[Opening Data for analysis section]

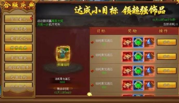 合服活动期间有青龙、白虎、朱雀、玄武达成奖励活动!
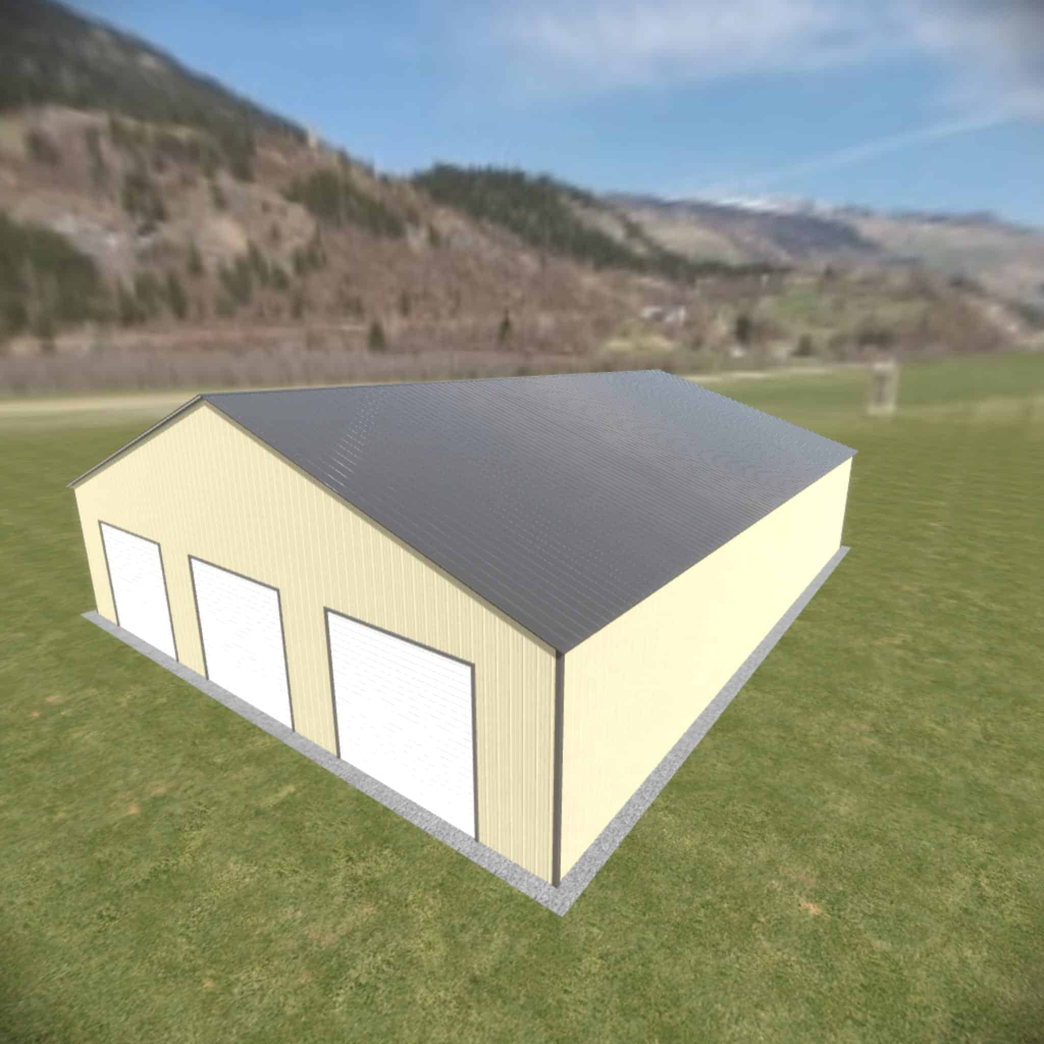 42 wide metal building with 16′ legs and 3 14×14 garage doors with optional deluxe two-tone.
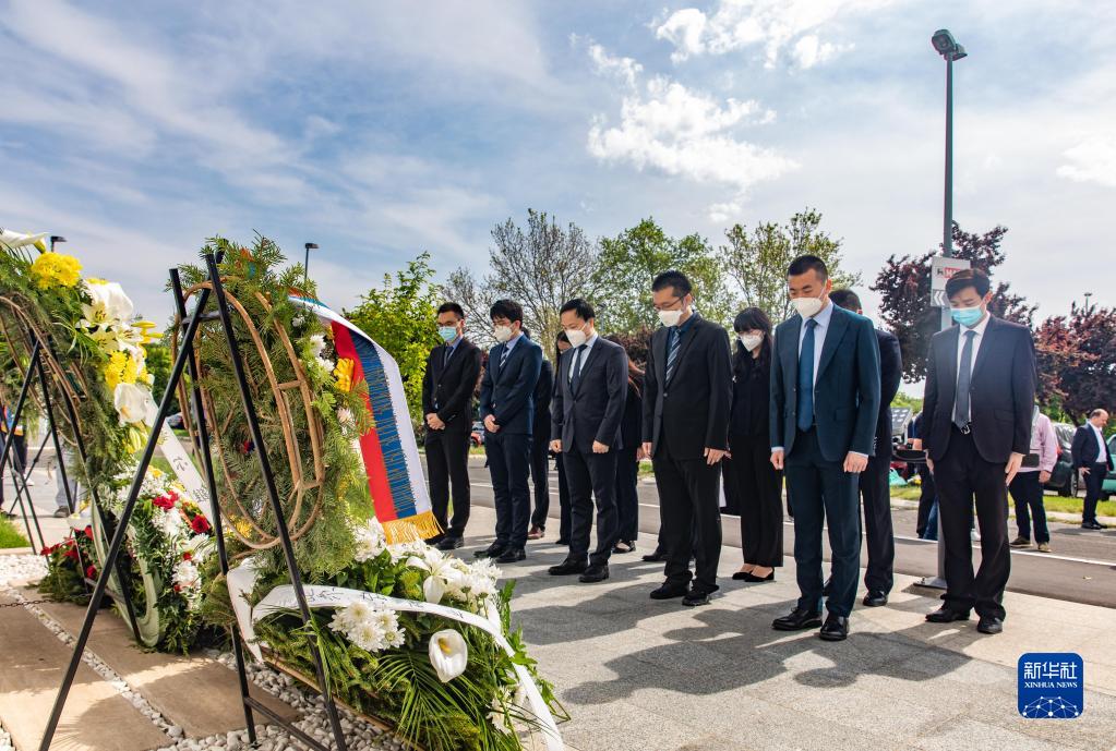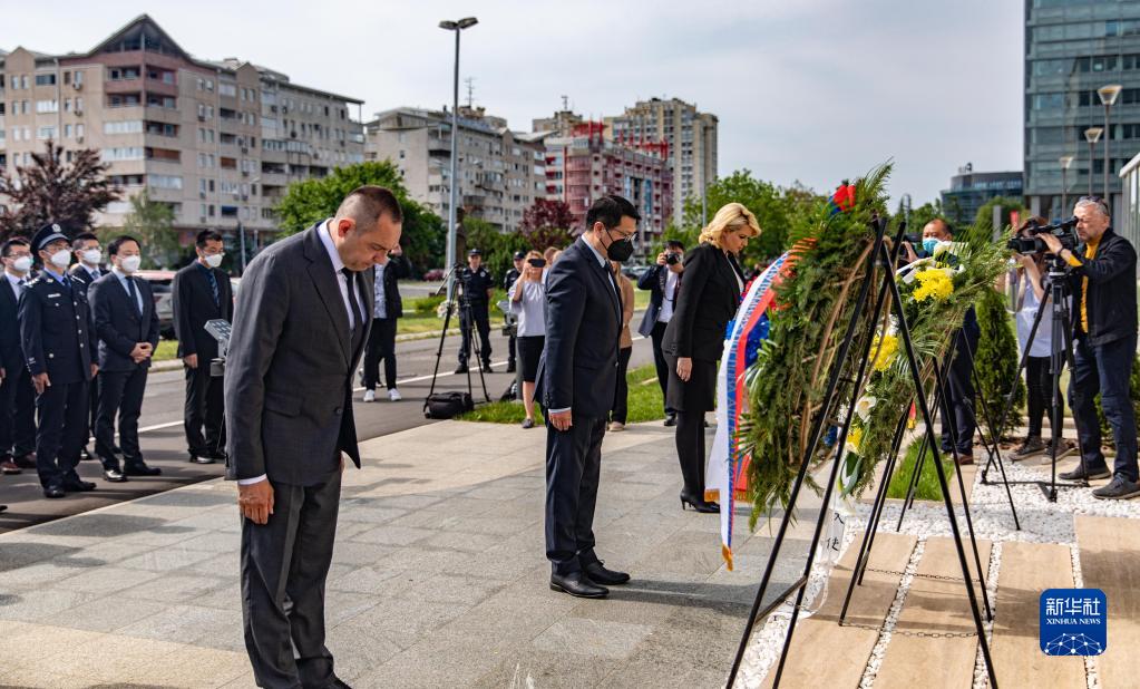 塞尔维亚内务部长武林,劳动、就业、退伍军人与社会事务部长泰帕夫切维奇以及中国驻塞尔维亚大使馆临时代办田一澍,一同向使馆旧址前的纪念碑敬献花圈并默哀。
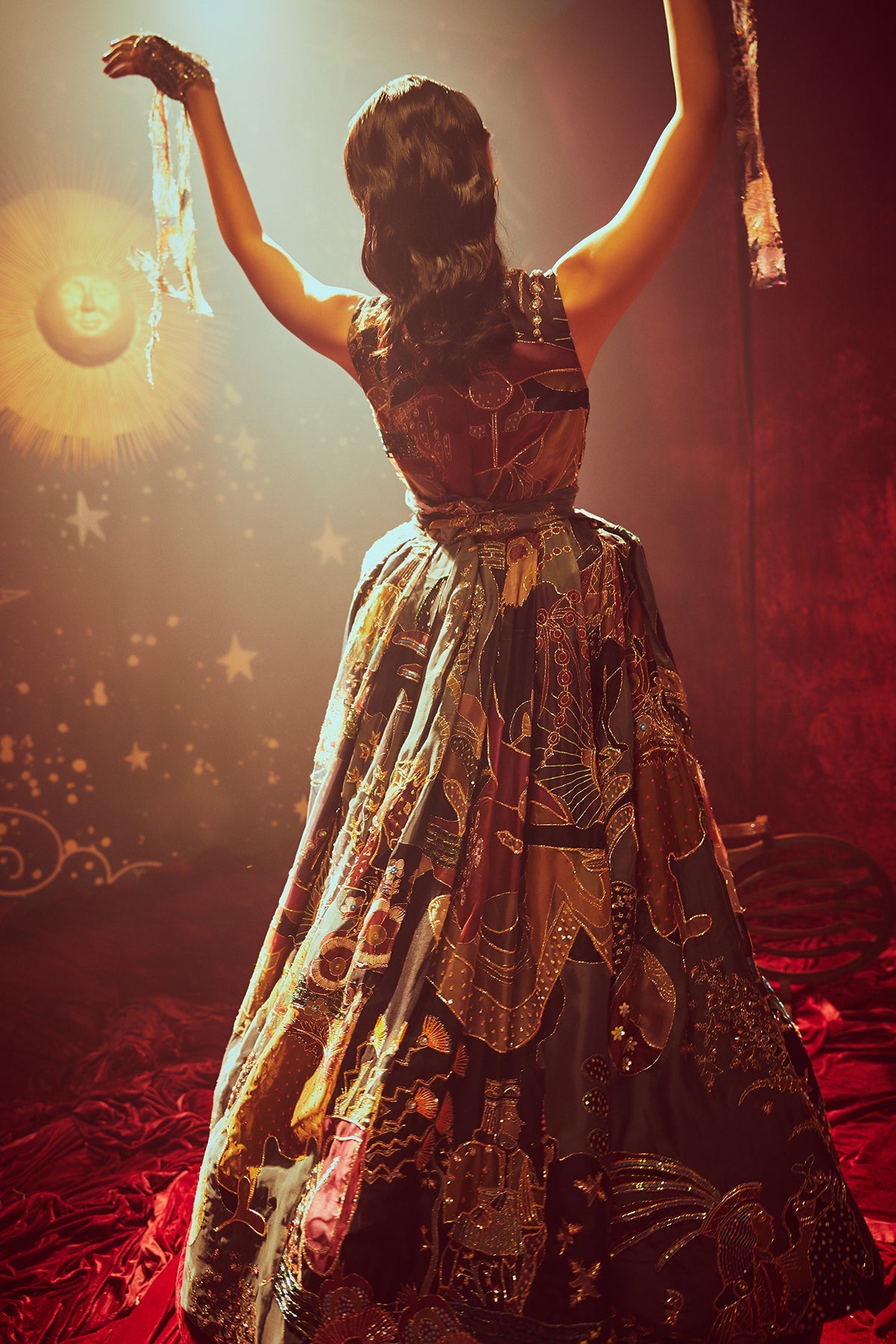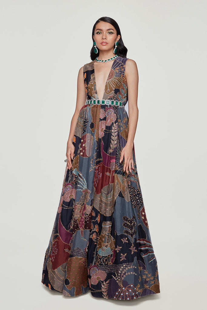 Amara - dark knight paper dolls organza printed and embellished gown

[Closing Data for analysis section]
[Opening Data for analysis section]

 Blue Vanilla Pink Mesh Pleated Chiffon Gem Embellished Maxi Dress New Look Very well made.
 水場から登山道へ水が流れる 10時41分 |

[Closing Data for analysis section]
[Opening Data for analysis section]

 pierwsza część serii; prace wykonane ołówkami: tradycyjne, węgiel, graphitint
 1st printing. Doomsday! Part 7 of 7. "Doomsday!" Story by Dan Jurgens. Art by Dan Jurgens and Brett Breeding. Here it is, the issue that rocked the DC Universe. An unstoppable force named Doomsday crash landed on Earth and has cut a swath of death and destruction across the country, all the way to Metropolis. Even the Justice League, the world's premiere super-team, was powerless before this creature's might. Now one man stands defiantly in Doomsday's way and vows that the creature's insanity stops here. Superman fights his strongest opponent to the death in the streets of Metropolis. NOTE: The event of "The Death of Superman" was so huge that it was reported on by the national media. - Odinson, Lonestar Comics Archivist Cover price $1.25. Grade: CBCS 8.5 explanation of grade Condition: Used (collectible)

[Closing Data for analysis section]

= Problem =
Start with the line above that contains "Blue Vanilla Pink" and end with the line that contains "水場から登山道へ水が流れる 10時41分 |". Write out those lines exactly, and only those.

= Response area =
 Blue Vanilla Pink Mesh Pleated Chiffon Gem Embellished Maxi Dress New Look Very well made.
 水場から登山道へ水が流れる 10時41分 |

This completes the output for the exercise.